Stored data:
== Segment start ==

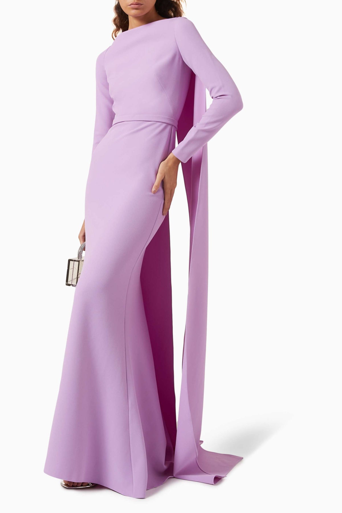 فستانٌ أرجوانيٌّ خلابٌ يتميز بتصميمٍ أنيقٍ ومنحوتٍ وكابٍ طويلٍ يصل إلى الأرض. مُصمّمٌ بأكمامٍ طويلةٍ وخصرٍ مشدود، يُضفي لمسةً ملكيةً عصريةً وأنوثةً خالدةً - مثاليٌّ لفعاليات السجادة الحمراء أو السهرات الأنيقة.
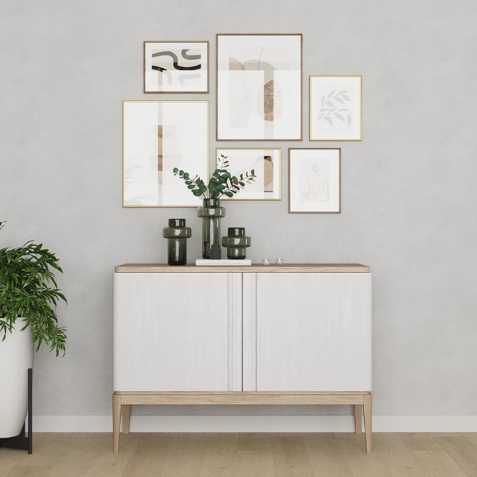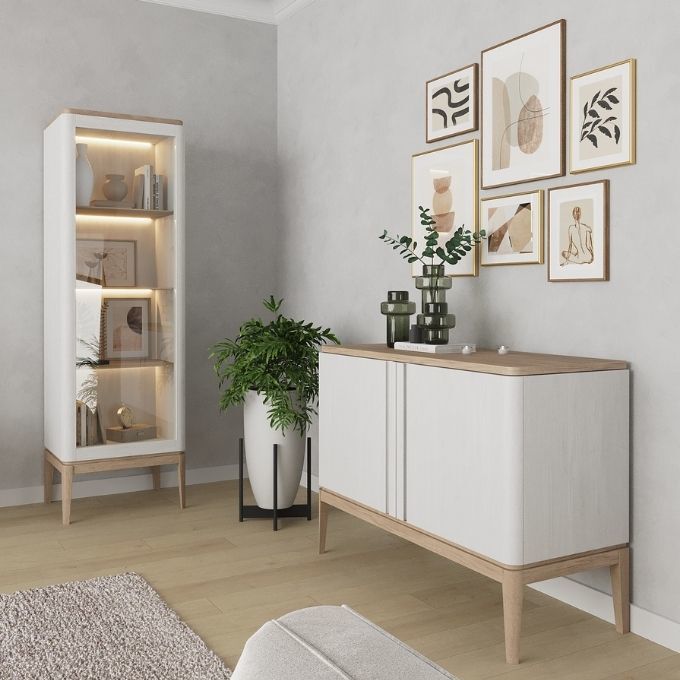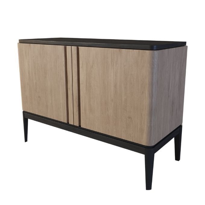 Корпус каждого изделия из коллекции Иконс, верхняя крышка и фасады изготовлены из МДФ и шпона дуба, выдвижные ящики из фанеры.
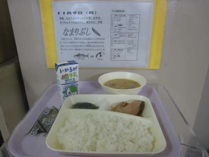 なまりぶしのしょうが煮、みそ汁、ほうれんそうのおひたし、焼きのり、米飯、牛乳
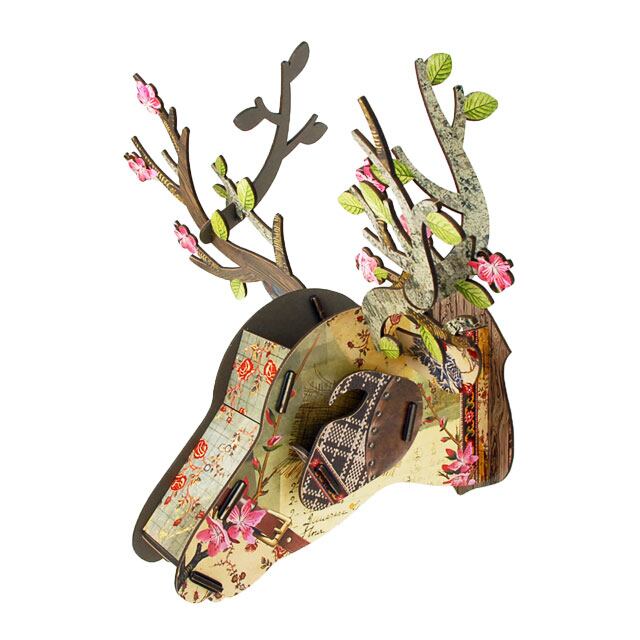 MDF板を組み立ててつくる鹿の壁掛けオブジェです。本格派のMサイズ♪ネジやフックで壁に掛けるのはもちろん、置物として飾ることも可能です。
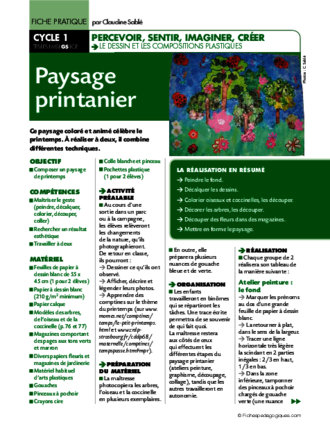 Ce paysage coloré et animé célèbre le printemps. A réaliser à deux, il combine différentes techniques.
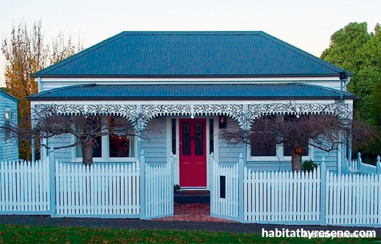 This quirky picket is painted in Resene Half Pearl Lusta while the house is Resene Bluegrass with a Resene Copper Rust fascia. Image Frances Oliver.
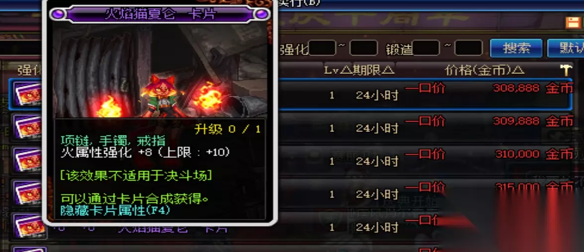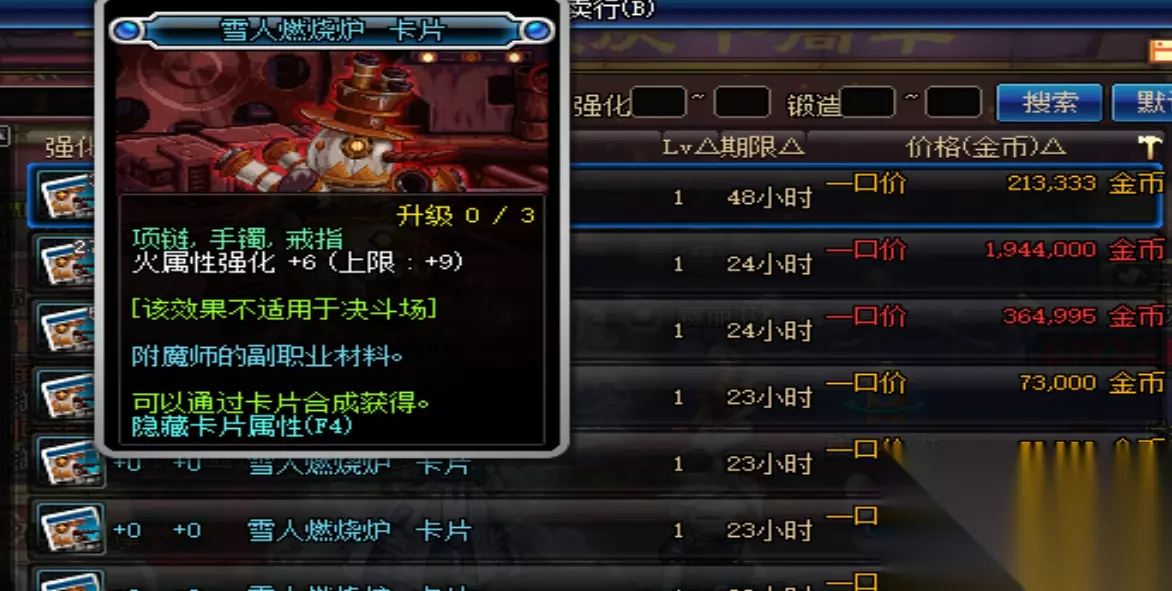 火强成本相对较低,首推的也是蓝卡雪人燃烧炉,未升级前7w,升级9点火强的成本大概是15w一张。但如果你是比较有追求的玩家,那么就请你使用火焰猫的吧,使用纪念卡片成本30w,不使用的话45w以上。
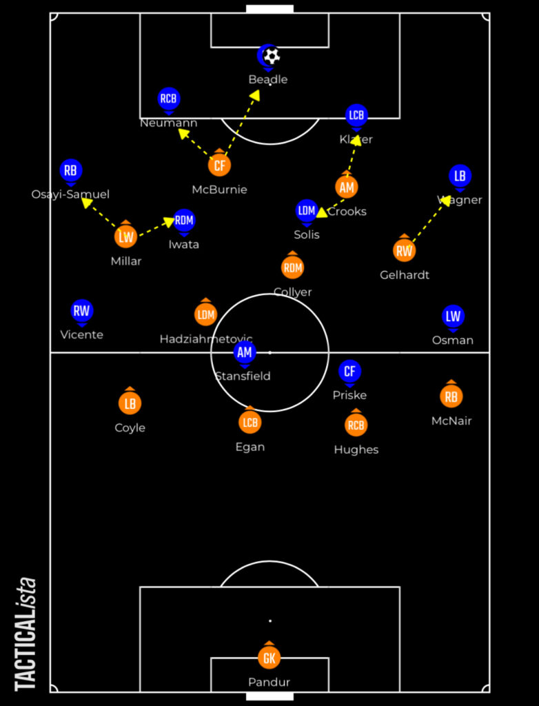 A lot of their threat earlier in the season came down the left flank with Giles, but in his absence there’s been more emphasis on forwards to create chances themselves.
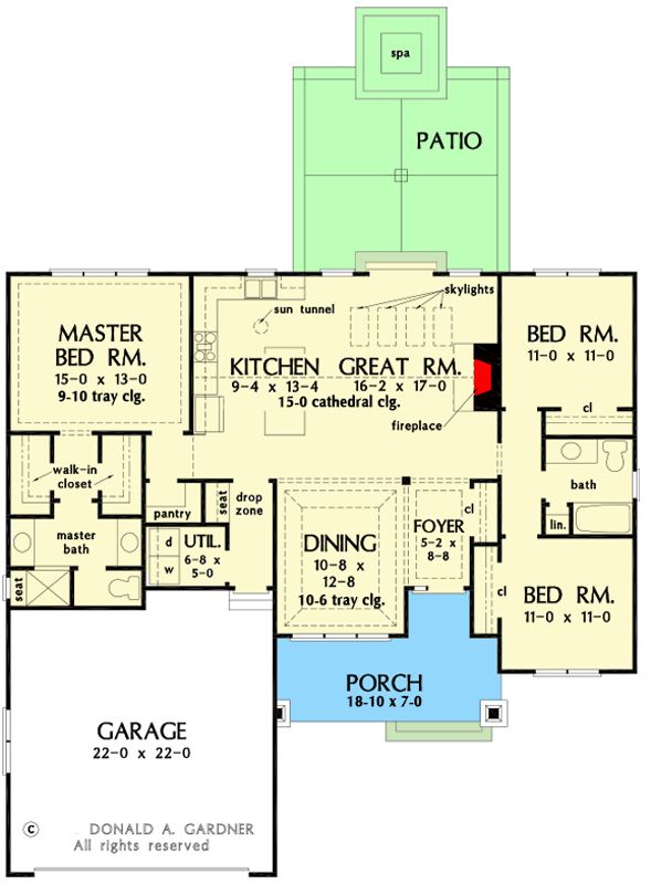 The 15′ cathedral ceiling and clean rooflines may permit future attic storage or loft conversion in some zones (depending on structure and code), but none is shown.
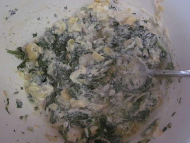 Añadir las espinacas y alcachofas a la crema de queso y otros ingredientes en el tazón de fuente. Remover el conjunto hasta que completamente mezclados.
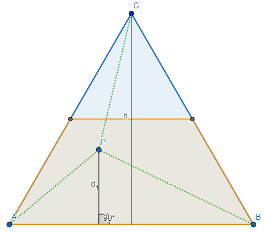 and thus for example $d_1+d_2 \geq d_3$ holds if and only if $T_{ABP}+T_{BCP} \geq T_{CAP}$. Since $T_{ABP}+T_{BCP}+T_{CAP}=T_{ABC}$, the inequality can be rewritten as
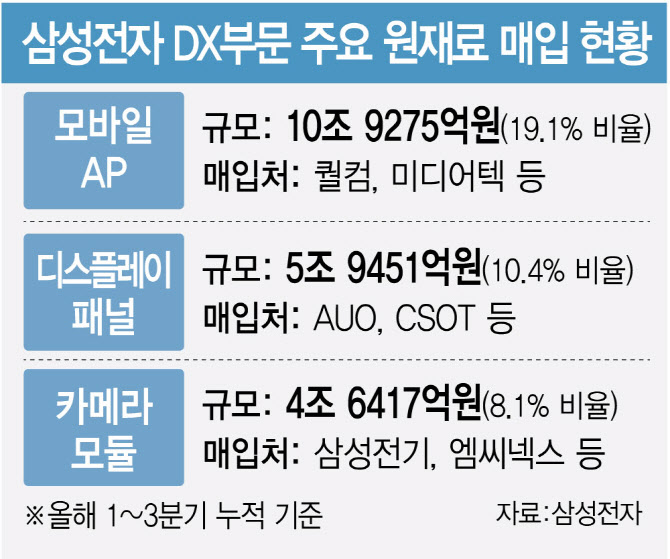 [이데일리 김정남 기자] 삼성전자의 올해 1~3분기 모바일 애플리케이션 프로세서(AP) 구매비가 역대 최대치를 기록했다. 모바일 AP는 ‘스마트폰 두뇌’로 불리는 핵심 부품이다.
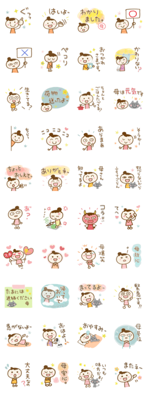 お母さんが毎日使えるスタンプです。離れて暮らしている家族へのスタンプとしても使えます。母/お母さん/家族/おかん
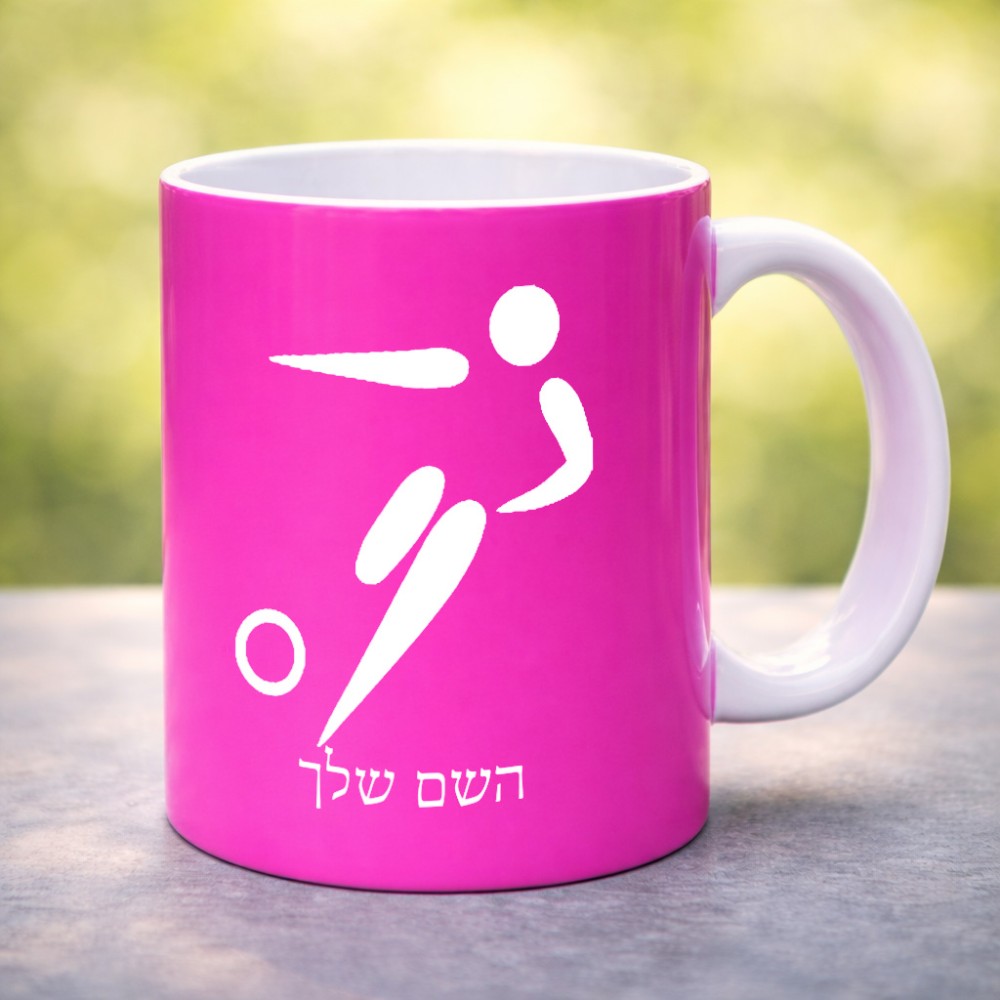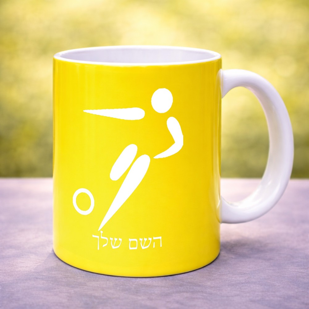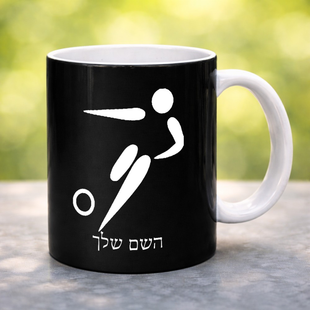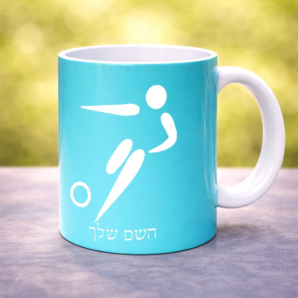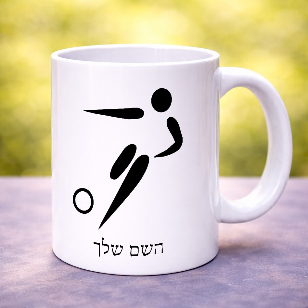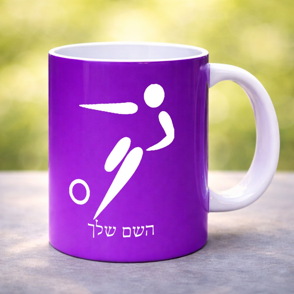 ספל תה \ קפה בעיצוב אישי עם השם שלך בעיצוב כדורגל אולימפי גדול הספל 325 מ"ל, הספל בעלת ידית לאחיזה יציבה. את השם המבוקש ניתן לציין בהזמנה, אם לא צויין אנחנו ניצור קשר לבירור.
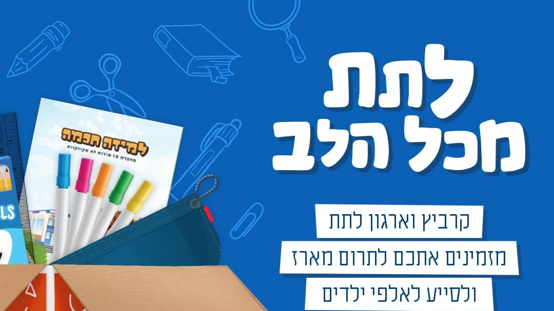 מבצע "לתת תיק" יאפשר לכ-3,000 ילדים בכיתות א'-ב' ול-2,000 ילדים בכיתות ג' ומעלה, בכלל המגזרים, להתחיל את השנה עם ציוד איכותי , כמו כל הילדים.
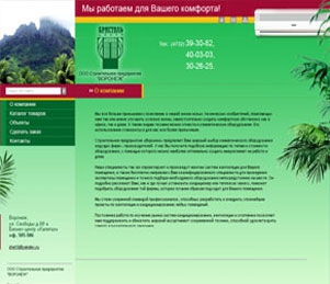 Данный сайт содержит полную информацию о компании и предлагаемом ассортименте: полный список продукции и оборудования, его цены и иллюстрации товара для наглядного представления. Описание каждой модели товара снабжено исчерпывающим перечнем технических характеристик. В меню представлены основные разделы: «О компании», «Каталог товаров», «Объекты», «Сделать заказ», «Контакты».
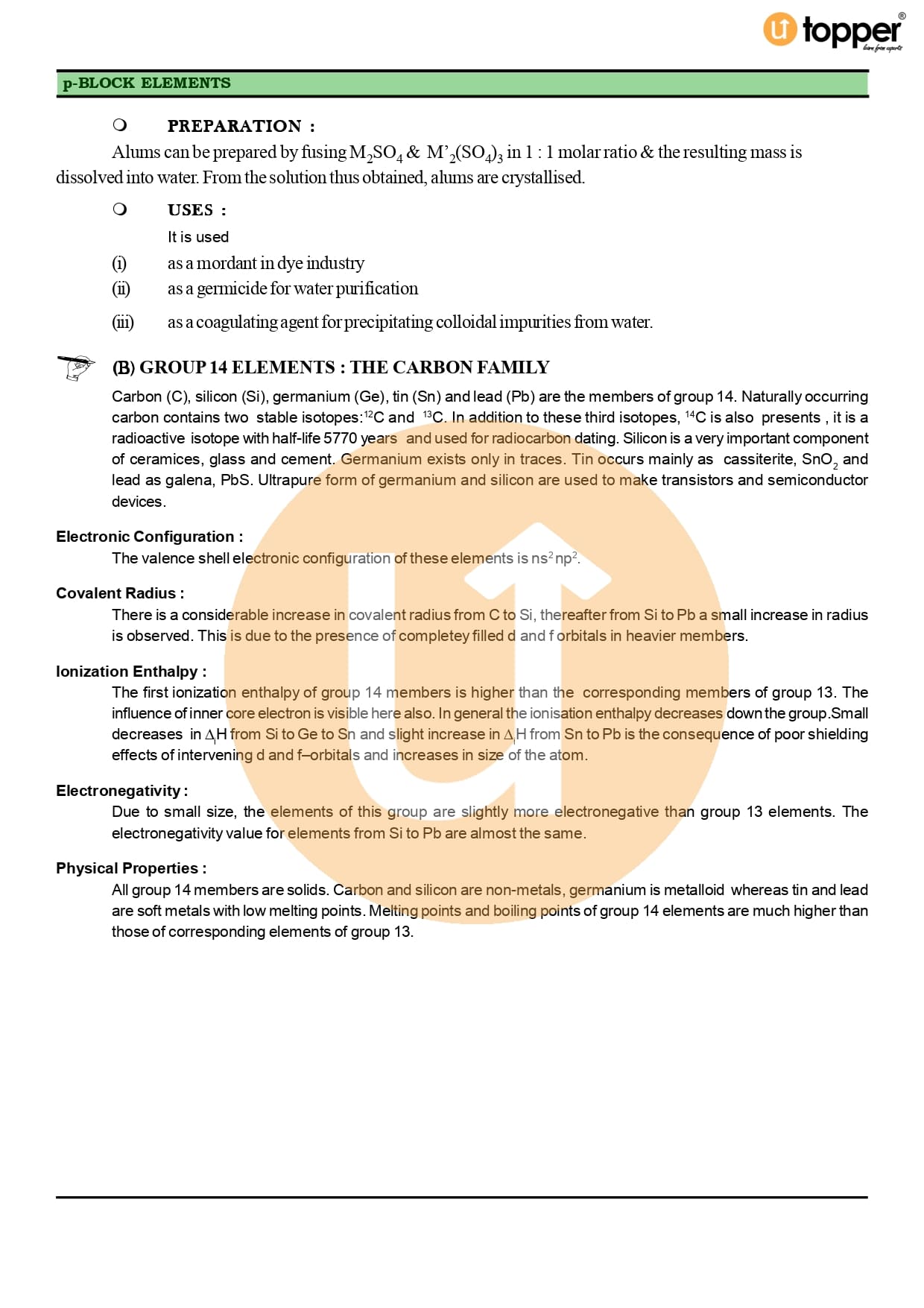 Class 11 Chemistry Notes Chapter 11 Pdf – The P-Block Elements

== Segment end ==

From the first line to the last, retype the data exactly, but omit every image.

* [RESPONSE TO THIS EXERCISE]
 فستانٌ أرجوانيٌّ خلابٌ يتميز بتصميمٍ أنيقٍ ومنحوتٍ وكابٍ طويلٍ يصل إلى الأرض. مُصمّمٌ بأكمامٍ طويلةٍ وخصرٍ مشدود، يُضفي لمسةً ملكيةً عصريةً وأنوثةً خالدةً - مثاليٌّ لفعاليات السجادة الحمراء أو السهرات الأنيقة.
 Корпус каждого изделия из коллекции Иконс, верхняя крышка и фасады изготовлены из МДФ и шпона дуба, выдвижные ящики из фанеры.
 なまりぶしのしょうが煮、みそ汁、ほうれんそうのおひたし、焼きのり、米飯、牛乳
 MDF板を組み立ててつくる鹿の壁掛けオブジェです。本格派のMサイズ♪ネジやフックで壁に掛けるのはもちろん、置物として飾ることも可能です。
 Ce paysage coloré et animé célèbre le printemps. A réaliser à deux, il combine différentes techniques.
 This quirky picket is painted in Resene Half Pearl Lusta while the house is Resene Bluegrass with a Resene Copper Rust fascia. Image Frances Oliver.
 火强成本相对较低,首推的也是蓝卡雪人燃烧炉,未升级前7w,升级9点火强的成本大概是15w一张。但如果你是比较有追求的玩家,那么就请你使用火焰猫的吧,使用纪念卡片成本30w,不使用的话45w以上。
 A lot of their threat earlier in the season came down the left flank with Giles, but in his absence there’s been more emphasis on forwards to create chances themselves.
 The 15′ cathedral ceiling and clean rooflines may permit future attic storage or loft conversion in some zones (depending on structure and code), but none is shown.
 Añadir las espinacas y alcachofas a la crema de queso y otros ingredientes en el tazón de fuente. Remover el conjunto hasta que completamente mezclados.
 and thus for example $d_1+d_2 \geq d_3$ holds if and only if $T_{ABP}+T_{BCP} \geq T_{CAP}$. Since $T_{ABP}+T_{BCP}+T_{CAP}=T_{ABC}$, the inequality can be rewritten as
 [이데일리 김정남 기자] 삼성전자의 올해 1~3분기 모바일 애플리케이션 프로세서(AP) 구매비가 역대 최대치를 기록했다. 모바일 AP는 ‘스마트폰 두뇌’로 불리는 핵심 부품이다.
 お母さんが毎日使えるスタンプです。離れて暮らしている家族へのスタンプとしても使えます。母/お母さん/家族/おかん
 ספל תה \ קפה בעיצוב אישי עם השם שלך בעיצוב כדורגל אולימפי גדול הספל 325 מ"ל, הספל בעלת ידית לאחיזה יציבה. את השם המבוקש ניתן לציין בהזמנה, אם לא צויין אנחנו ניצור קשר לבירור.
 מבצע "לתת תיק" יאפשר לכ-3,000 ילדים בכיתות א'-ב' ול-2,000 ילדים בכיתות ג' ומעלה, בכלל המגזרים, להתחיל את השנה עם ציוד איכותי , כמו כל הילדים.
 Данный сайт содержит полную информацию о компании и предлагаемом ассортименте: полный список продукции и оборудования, его цены и иллюстрации товара для наглядного представления. Описание каждой модели товара снабжено исчерпывающим перечнем технических характеристик. В меню представлены основные разделы: «О компании», «Каталог товаров», «Объекты», «Сделать заказ», «Контакты».
 Class 11 Chemistry Notes Chapter 11 Pdf – The P-Block Elements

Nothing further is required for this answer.